::: RECORDS :::
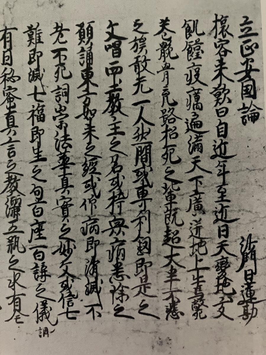 『立正安国論』は文応元年(1260年)に書かれ、北条時頼に上呈されたものですが、実は日蓮は後年、これを建治から弘安頃にかけて引用経典を増補するのみならず、浄土宗批判だけでなく、特に真言宗批判を強く打ち出した『広本』を書きます。これは「建治の広本」として知られ、多くの遺文集で文応元年の『立正安国論』とは別にこの『広本』を併せて収録しています。そのため、ほとんどの創価学会信徒は『立正安国論』に文応元年の『略本』と建治の『広本』が存在することさえ知りません。
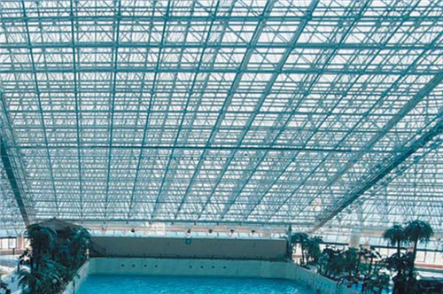 由多根桿件按照一定的網(wǎng)格形式通過節(jié)點(diǎn)連結(jié)而成的空間結(jié)構(gòu)。具有空間受力、重量輕、剛度大、抗震性能好等優(yōu)點(diǎn);可用作體育館、 影劇院、展覽廳、候車廳、體育場看臺雨篷、飛機(jī)庫、雙向大柱 網(wǎng)架結(jié)構(gòu)距車間等建筑的屋蓋。缺點(diǎn)是匯交于節(jié)點(diǎn)上的桿件數(shù)量較多,制作安裝較平面結(jié)構(gòu)復(fù)雜。
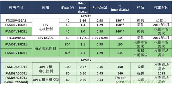 安森美半導體標準的APM19和APM17汽車模塊陣容如表4所示。
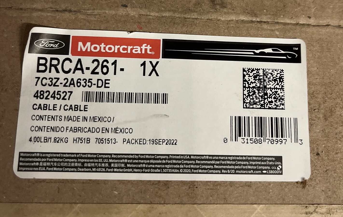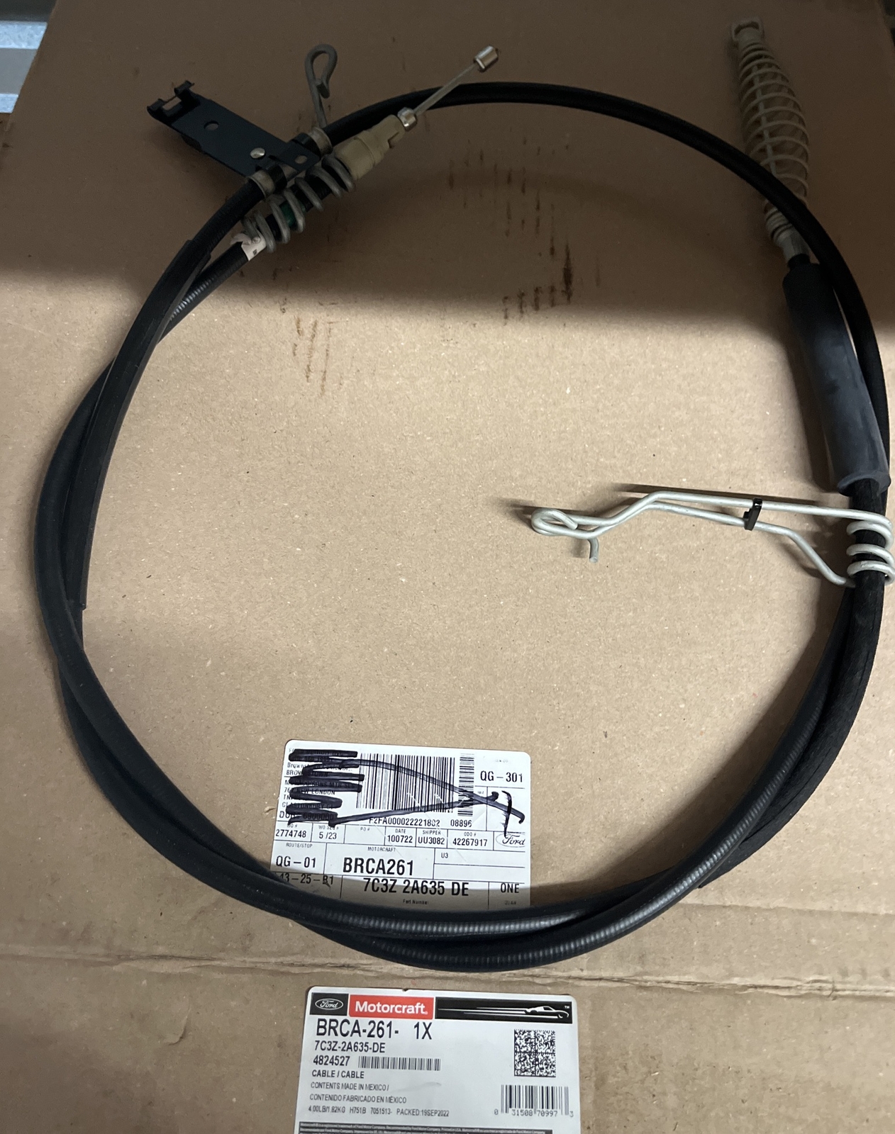 Parking Brake Cable Rear Right Motorcraft BRCA-261, 7C3Z-2A635-DE
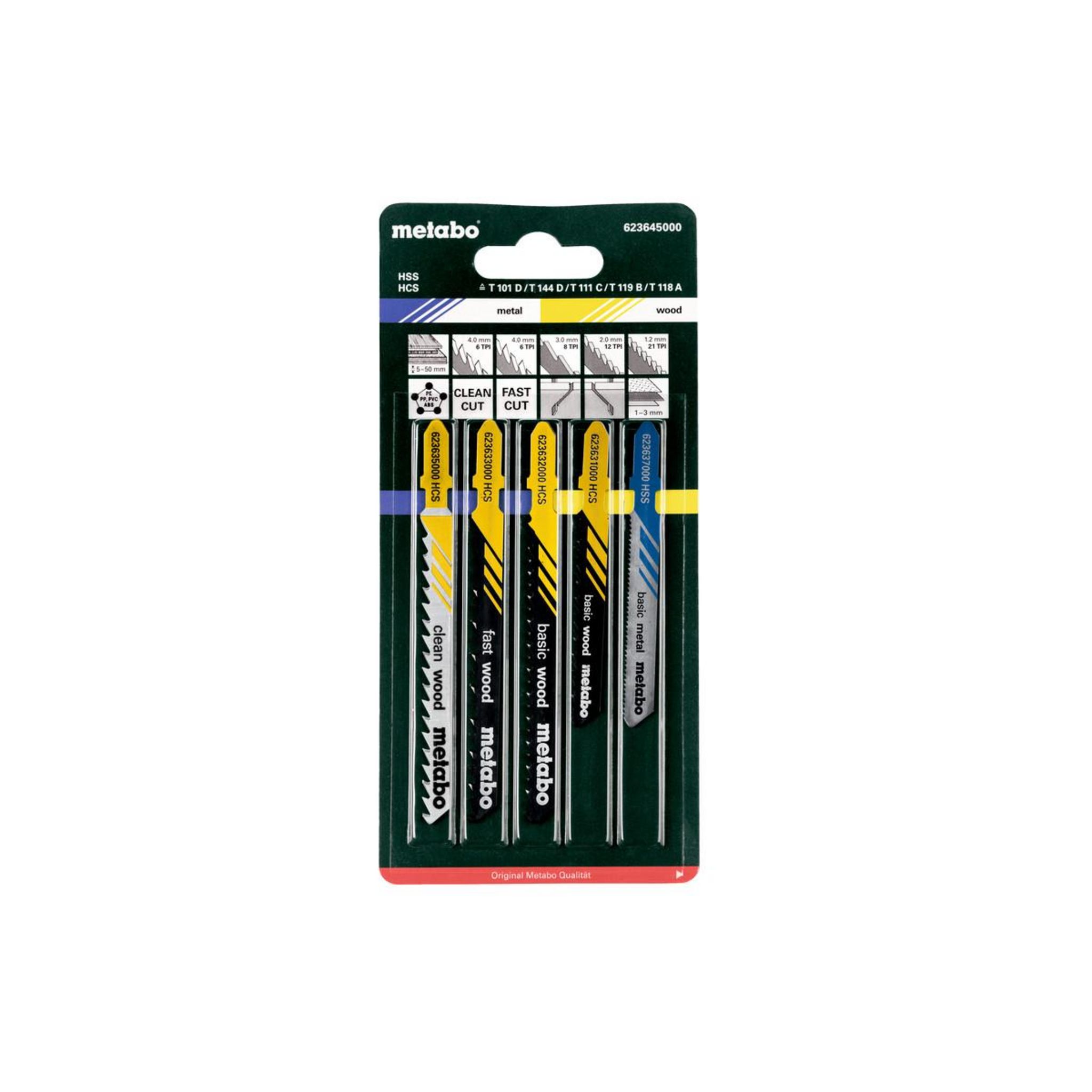 Pour le bois, le métal, les matières plastiquesLames de scie HCS / lames de scie HSSComposé d'une lame de scie 623633000, 623635000, 623632000, 623631000 et 623637000Caractéristiques techniques :Matériaux compatibles : Bois / Matières plastiques / MétalNombre de pièces : 5
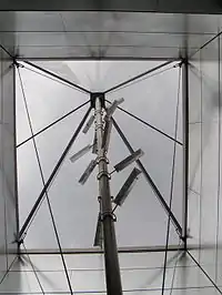 На подземных станциях, помимо стандартных противопожарных мер безопасности, в конструкции стеклянных пирамид используется электрический шпиндель. В результате основание пирамиды приподнято на 60 см, а в случае пожара шпиндель обеспечит необходимое удаление дыма во время эвакуации[16].
:::
▶ WORK TO COMPLETE: An exact copy of the entries, minus the pictures, is what's needed here.

▶ RESPONSE TO THE TASK:
 『立正安国論』は文応元年(1260年)に書かれ、北条時頼に上呈されたものですが、実は日蓮は後年、これを建治から弘安頃にかけて引用経典を増補するのみならず、浄土宗批判だけでなく、特に真言宗批判を強く打ち出した『広本』を書きます。これは「建治の広本」として知られ、多くの遺文集で文応元年の『立正安国論』とは別にこの『広本』を併せて収録しています。そのため、ほとんどの創価学会信徒は『立正安国論』に文応元年の『略本』と建治の『広本』が存在することさえ知りません。
 由多根桿件按照一定的網(wǎng)格形式通過節(jié)點(diǎn)連結(jié)而成的空間結(jié)構(gòu)。具有空間受力、重量輕、剛度大、抗震性能好等優(yōu)點(diǎn);可用作體育館、 影劇院、展覽廳、候車廳、體育場看臺雨篷、飛機(jī)庫、雙向大柱 網(wǎng)架結(jié)構(gòu)距車間等建筑的屋蓋。缺點(diǎn)是匯交于節(jié)點(diǎn)上的桿件數(shù)量較多,制作安裝較平面結(jié)構(gòu)復(fù)雜。
 安森美半導體標準的APM19和APM17汽車模塊陣容如表4所示。
 Parking Brake Cable Rear Right Motorcraft BRCA-261, 7C3Z-2A635-DE
 Pour le bois, le métal, les matières plastiquesLames de scie HCS / lames de scie HSSComposé d'une lame de scie 623633000, 623635000, 623632000, 623631000 et 623637000Caractéristiques techniques :Matériaux compatibles : Bois / Matières plastiques / MétalNombre de pièces : 5
 На подземных станциях, помимо стандартных противопожарных мер безопасности, в конструкции стеклянных пирамид используется электрический шпиндель. В результате основание пирамиды приподнято на 60 см, а в случае пожара шпиндель обеспечит необходимое удаление дыма во время эвакуации[16].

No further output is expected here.